Page 84 - The World's Best Boyfriend
P. 84
‘You did a good job though,’ he said. ‘You shouldn’t cry about it. Accidents
happen. He was an asshole. Forget about it.’
‘. . .’
Aranya didn’t know what to say because saying anything would mean telling
him about eight years of body image problems, the constant urge to cry, to shake
every person who had ever seen her differently and ask them what her fault was:
to tell them all the depressing details of how it was all brought on by Dhruv, the
spite in her heart, the vengefulness, which resulted in her overtly competitive
spirit, and the crushing inferiority complex carefully hidden by the veneer of
superiority she had steadfastly maintained.
‘Dr Raghuvir, professor of advanced physics.’ He thrust out her hand. ‘But
you know that already.’
She grinned and shook it. Snippets of information about Dr Raghuvir bounced
about in her frenzied brain.
13 years, made a high-powered telescope and found three asteroids. All
named after him. 14 years, completed Bachelor’s of Engineering from MIT.
Filed eighteen patents. 17 years, completed Master’s of Engineering in nuclear
physics from MIT. Filed thirty-three patents. 19 years, was part of the team in
France that successfully executed the first controlled fusion reaction. 20 years,
he went missing.
And it had been nine years since then. His reputation in the scientific
community had been of a self-aware prick. He knew he would change the world.
If he thought he was right about something, he would obsessively bulldoze
others with his theories, deride them, question them and make them believe in
him. He was a temperamental, obsessive, control freak, manic genius—like all
geniuses should be, the stuff legends are made of.

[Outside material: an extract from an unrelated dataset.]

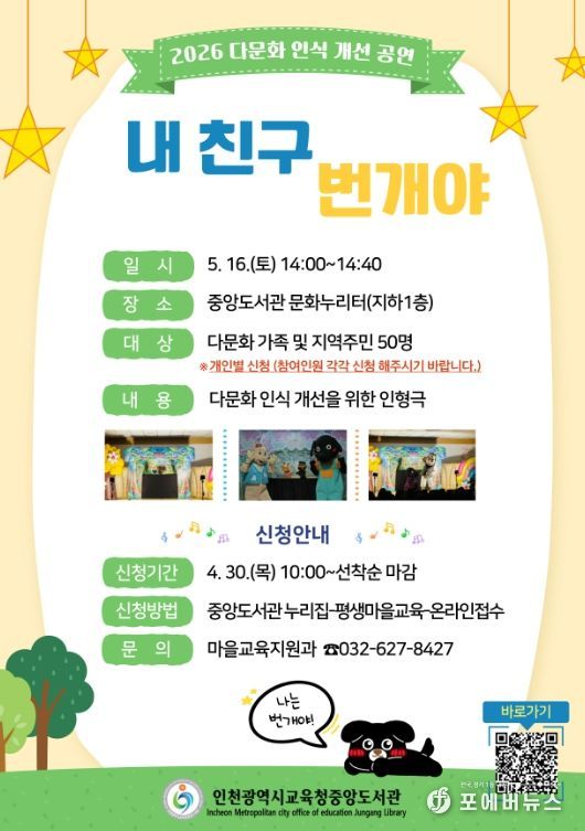 [ 포에버뉴스 김경순 기자 ] 인천광역시교육청중앙도서관은 오는 5월 16일 다문화 인식 개선 공연 ‘내 친구 번개야’를 운영한다.
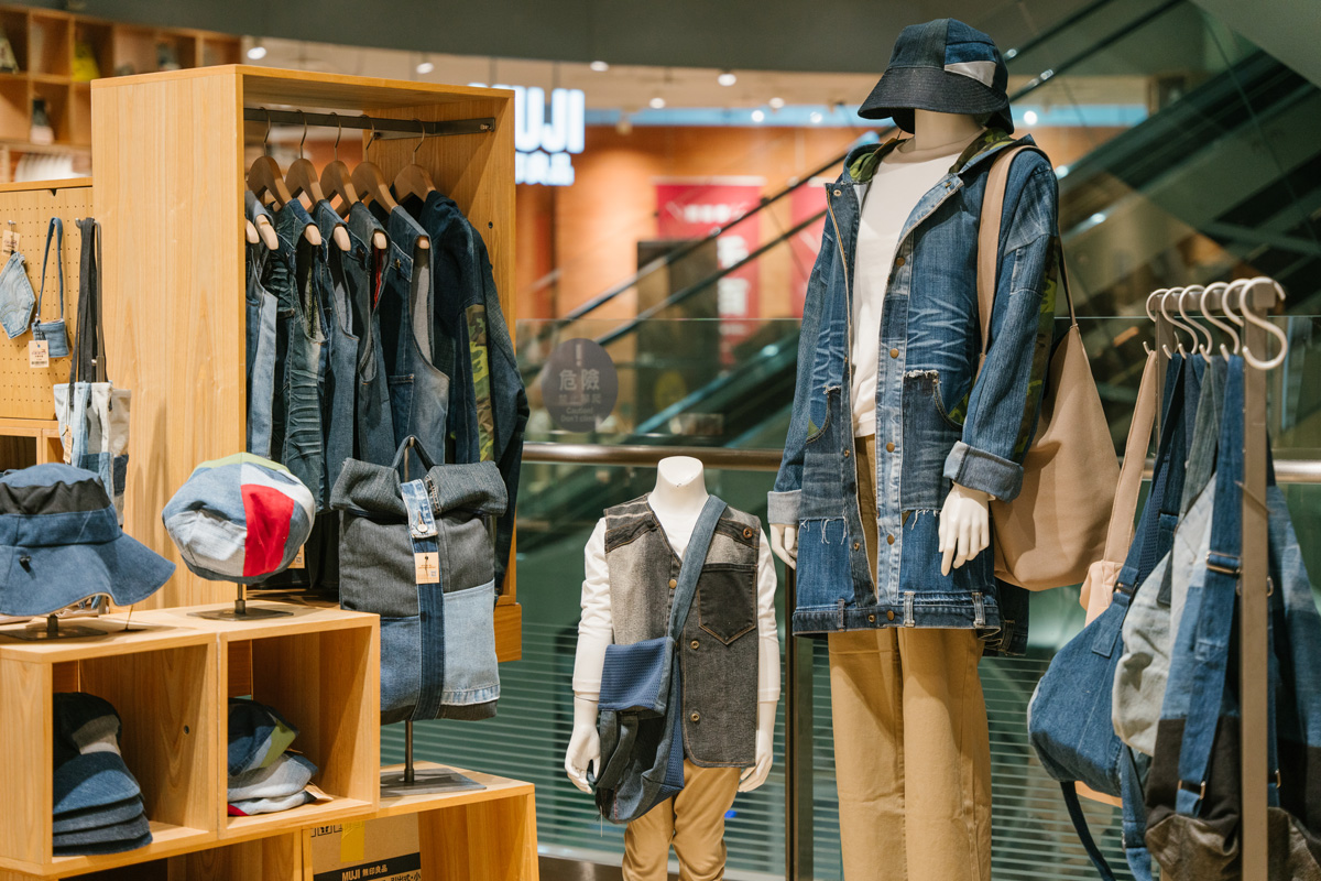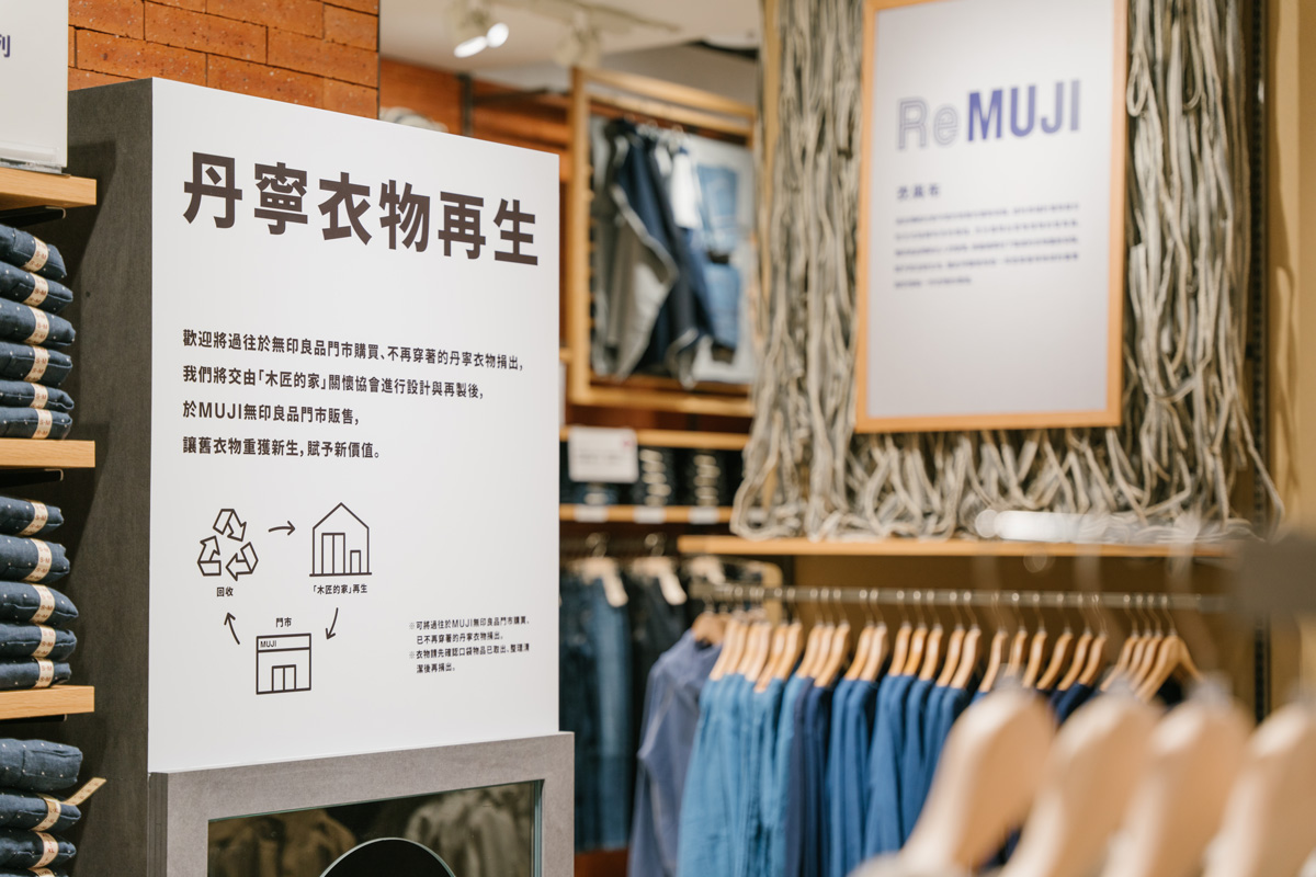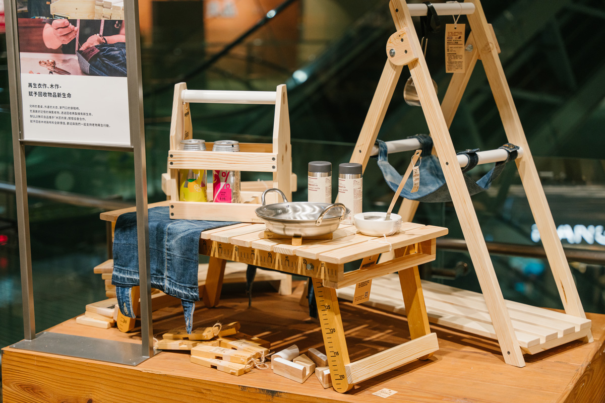 為實現「對社會有所貢獻」的品牌理念,MUJI無印良品美麗華旗艦店除了設置「丹寧衣物再生箱」與「玻璃再生箱」外,也提供食物共享服務,邀請民眾分享家中仍在效期內且包裝完整的食品,並攜手「西湖日照中心」轉贈給社區內需要的家庭作為日常飲食及日照長者的生活功能訓練,達到惜食與分享的社區共好理念。在丹寧衣物再生的部分,攜手「木匠的家」關懷協會設計並開發一系列生活器具,像是可提野餐小桌、丹寧拼接小坐墊及木製三角架等等,都是利用回收木材與二手丹寧布料再製而成,MUJI無印良品希望民眾在購買新品的同時也不忘舊物的美好。

During the latter days of his illustrious career as a young path-breaking
researcher it was speculated that he became a bit of a philanderer, stumbling
from one relationship to another, ending up an emotional wreck. He had made a
habit of dating and breaking up with beautiful women—young struggling models
and actresses and students who found Raghuvir’s limitless intelligence
extremely attractive. When these relationships ended Raghuvir was often found
blaming a lack of common ground for the failure. A less talented man would
have made a fool of himself but not Raghuvir; he had the choicest quips for
anyone who still doubted his abilities. Slowly, he had snuck out of limelight.